● **Instructions for the task**:
The lines from the one holding "טבעת זהב צהוב 14 קרט ויהלום גולמי בגודל 2ct" to the final line of the listing below are to be duplicated exactly, with both ends included and pictures omitted.

● **Dataset excerpt**:
■ ■ ■

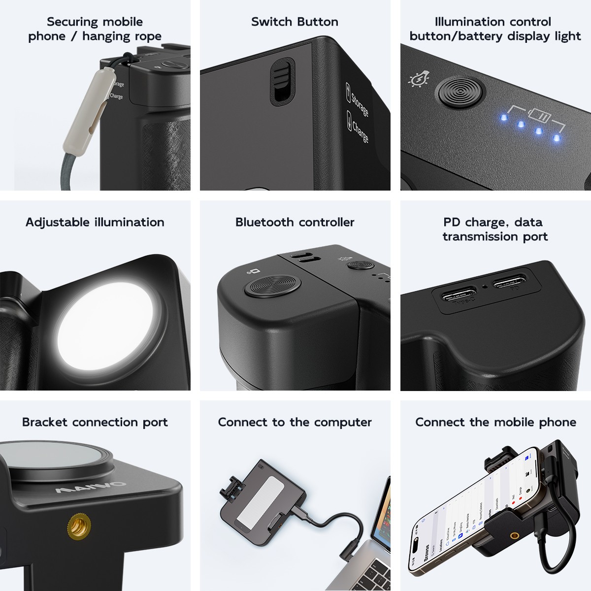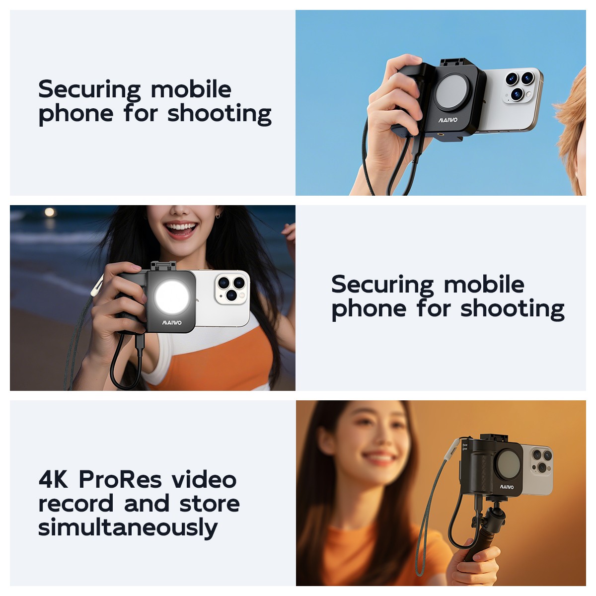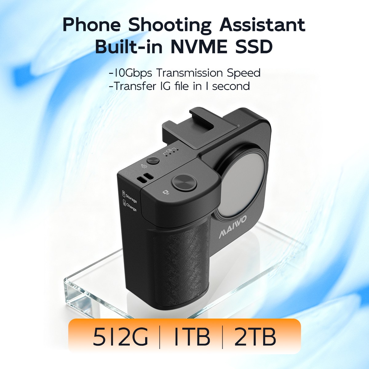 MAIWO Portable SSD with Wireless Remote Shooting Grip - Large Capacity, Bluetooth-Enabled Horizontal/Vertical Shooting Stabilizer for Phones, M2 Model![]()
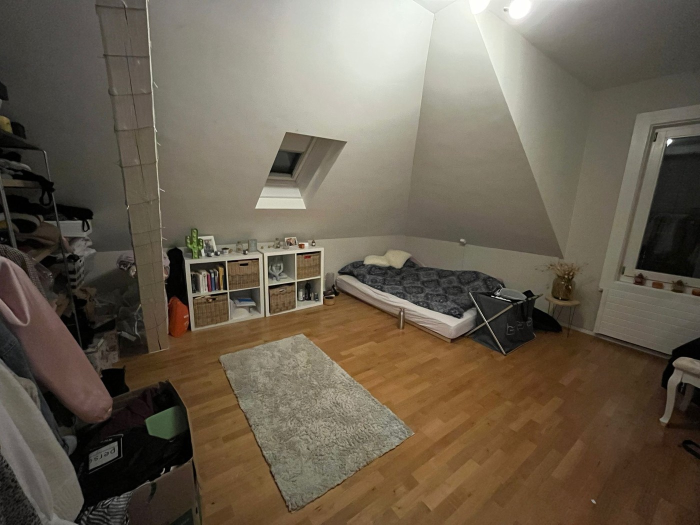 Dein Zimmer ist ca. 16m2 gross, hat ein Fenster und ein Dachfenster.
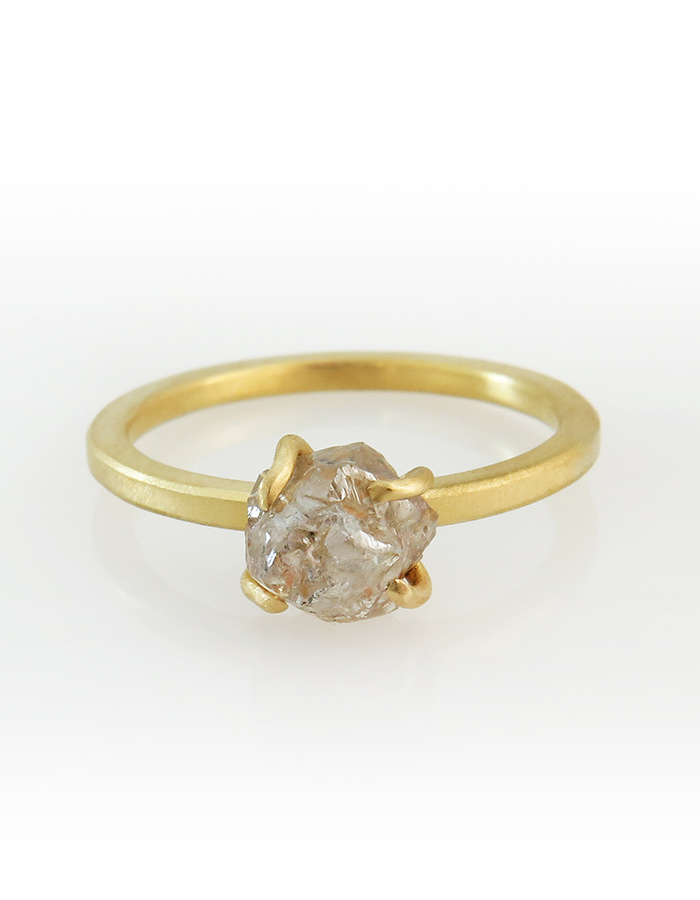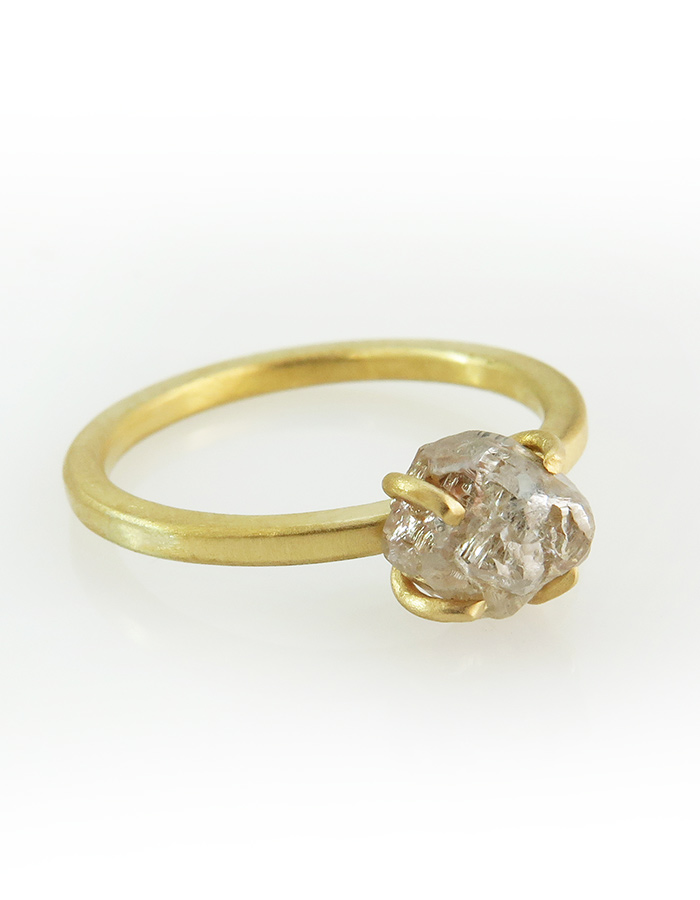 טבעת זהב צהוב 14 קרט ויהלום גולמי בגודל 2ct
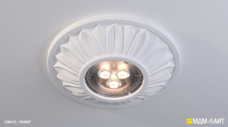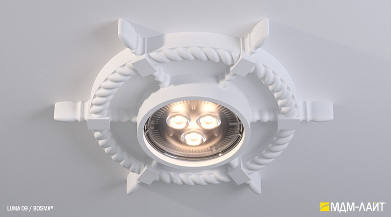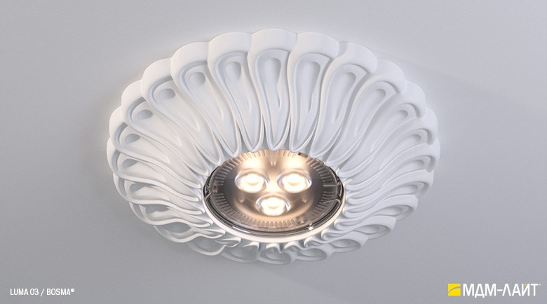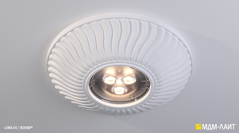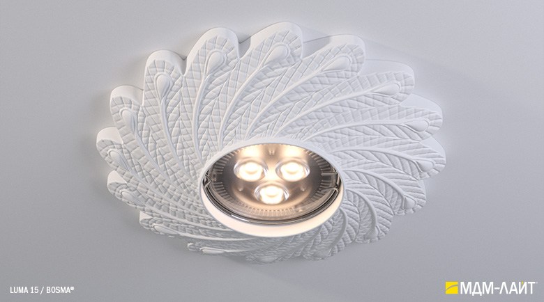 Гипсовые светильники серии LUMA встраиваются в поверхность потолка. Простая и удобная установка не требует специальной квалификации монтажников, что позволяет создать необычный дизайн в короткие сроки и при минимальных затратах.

■ ■ ■

● **The completed task**:
 טבעת זהב צהוב 14 קרט ויהלום גולמי בגודל 2ct
 Гипсовые светильники серии LUMA встраиваются в поверхность потолка. Простая и удобная установка не требует специальной квалификации монтажников, что позволяет создать необычный дизайн в короткие сроки и при минимальных затратах.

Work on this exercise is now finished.